Derived from a 1952 collage Kelly made in the south of France, Gaza (1952-­56) is considered one of the artist’s last Paris-era works, even though he completed it after returning to New York in 1954. The four-panel painting’s large format and clear, bold expanses of saturated color mark a shift in his work that occurred when he left Paris for New York, where he began to devote even greater attention to the relationship between form and color.

Yellow Relief with White (2011), finished just over a year ago, is one of Kelly’s most recent paintings. The artist has visited the form of the curve in innumerable formats throughout his career. After creating his initial rectilinear adjoined canvases in the 1950s, he experimented with more eccentric geometric configurations such as shaped canvases. In Yellow Relief with White, a saturated yellow canvas appears in relief on the surface of a rectangular white panel. Linked to create a multisided whole, the two pieces give the illusion of a volumetric form.

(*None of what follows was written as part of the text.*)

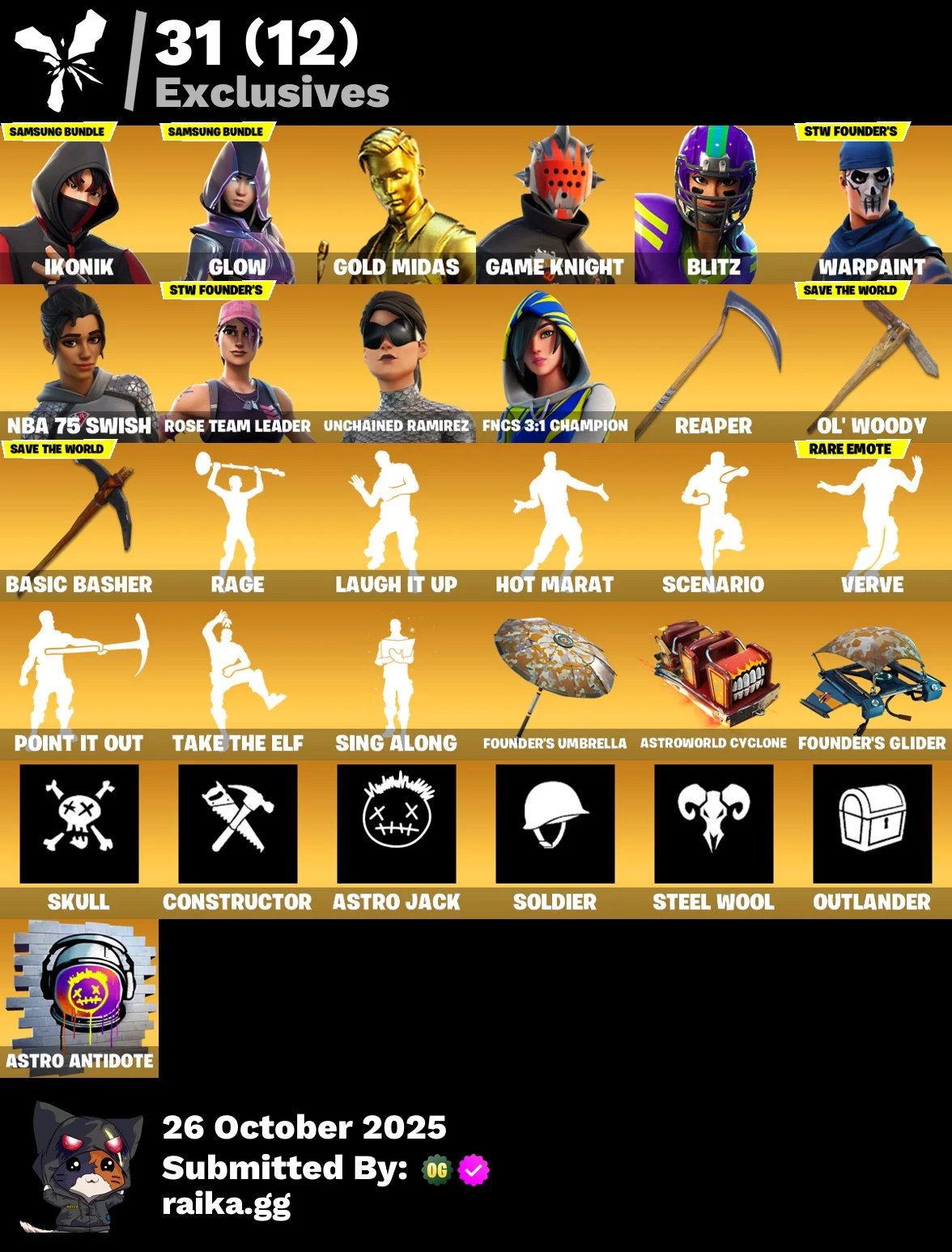 PC/PSN/Xbox/Nintendo 162 skins | OG STW | IKONIK | Unchained Ramirez | Glow | Gold Midas | Game Knight | Blitz | NBA 75 Swish | FNCS 3:1 Champion | Eternal Knight | 200 VB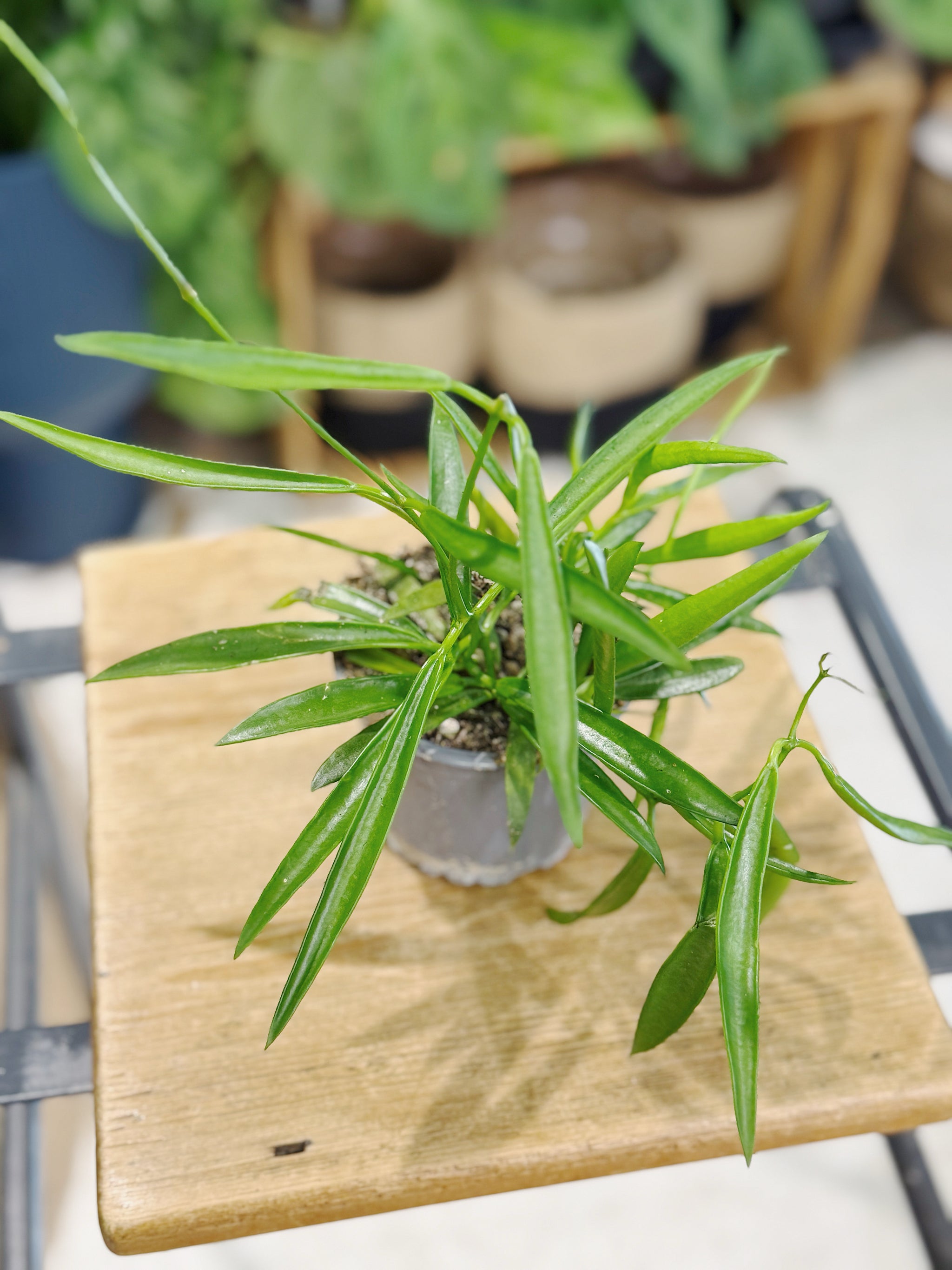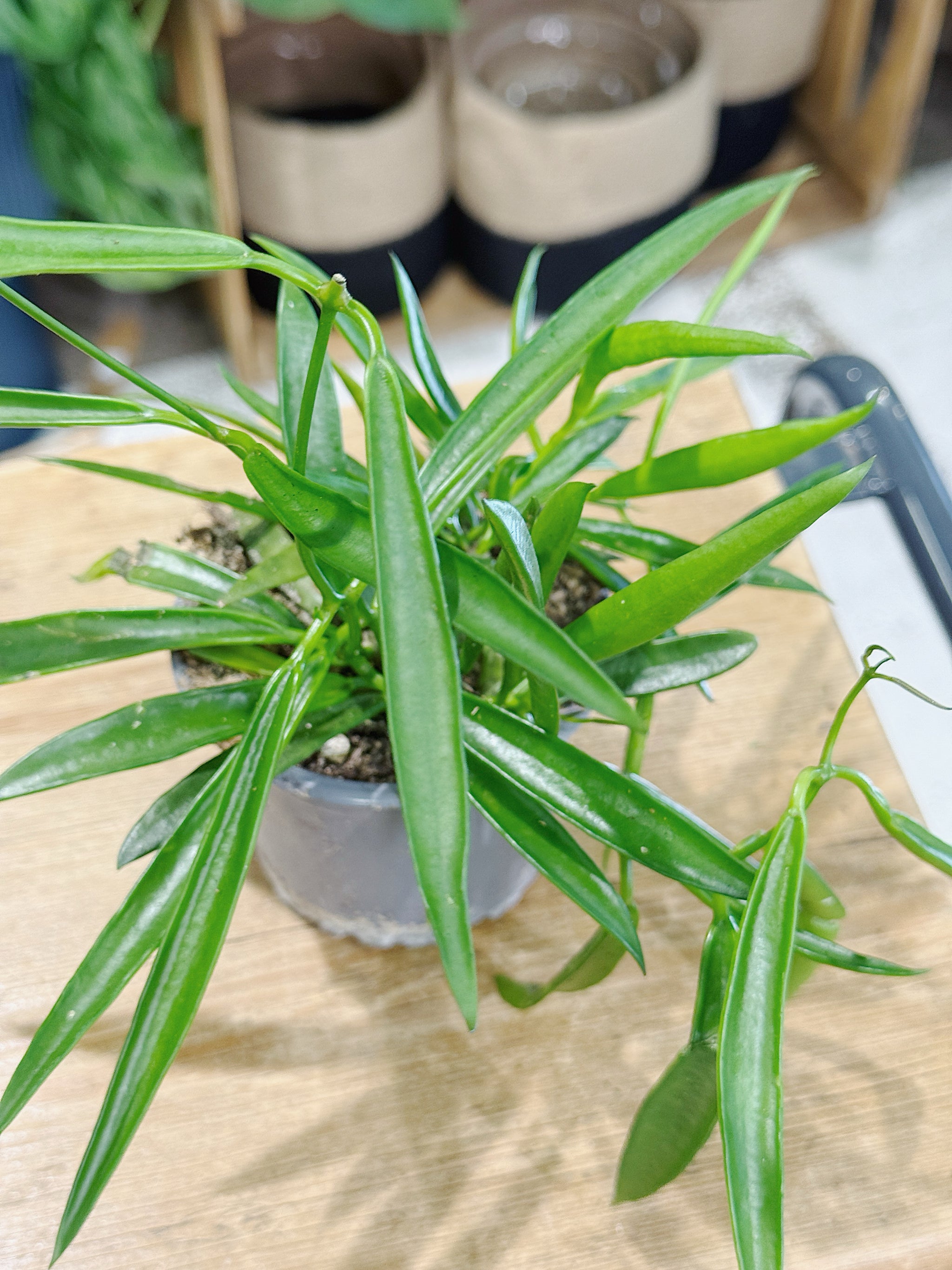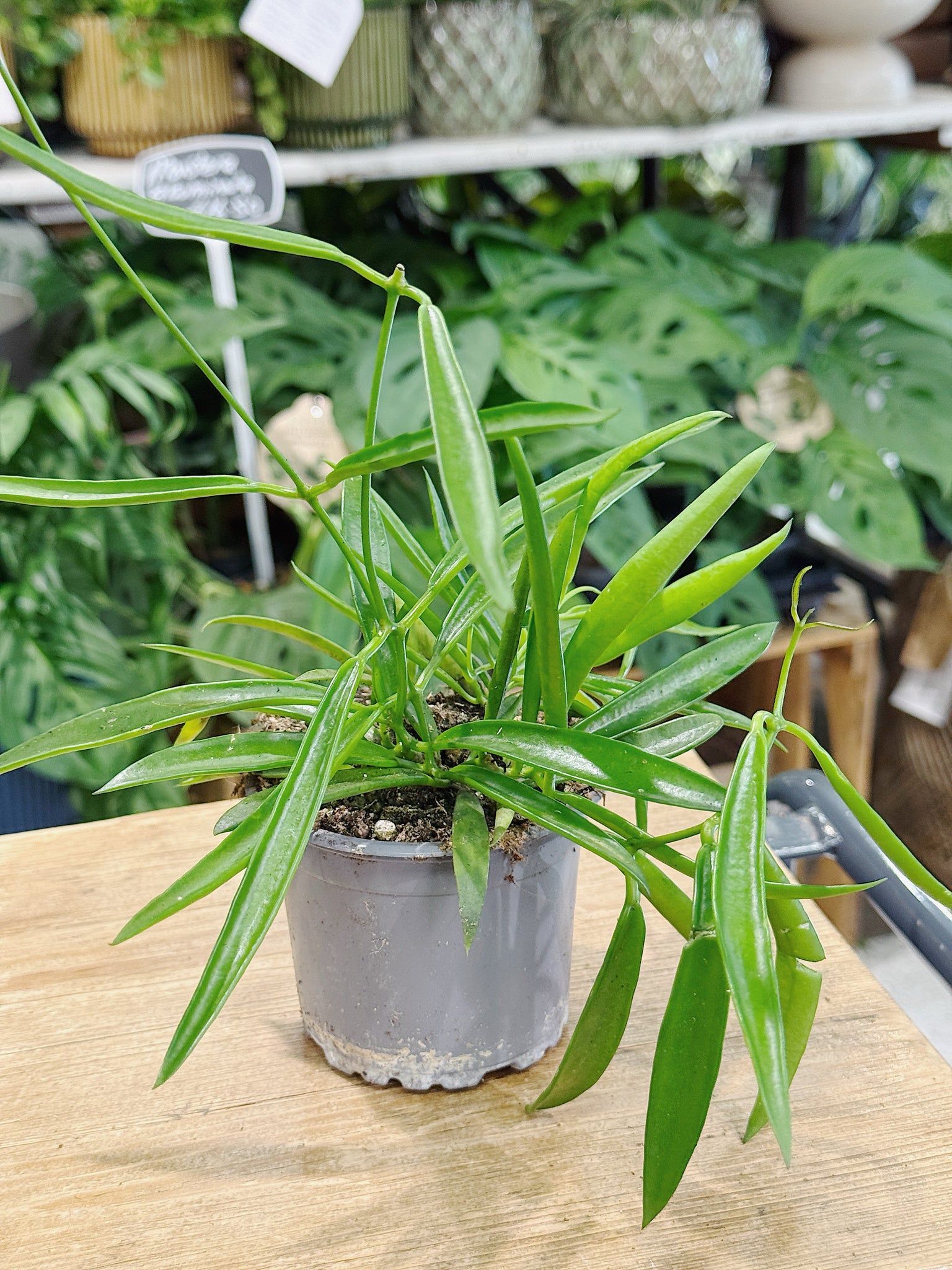 Hoya Carnosa Longifolia has long stems with slender, green-bean-shaped leaves. Produces clusters of sweet-smelling, star-shaped flowers in white or pink at the end of summer.

Ellsworth Kelly and SFMOMA

Kelly kept many of his most important works in his own collection for many years. In 1998, SFMOMA curators spoke with him about acquiring a large group of paintings and sculptures that would represent the full range of his career. The museum, in tandem with trustees, purchased nineteen paintings and sculptures from the artist in 1999. The acquisition ranged from his earliest mature works to works from the 1980s, and included three significant early paintings given by the artist. Together with previous purchases and gifts, the 1999 purchase resulted in one of the richest and most comprehensive museum collections of Kelly’s work.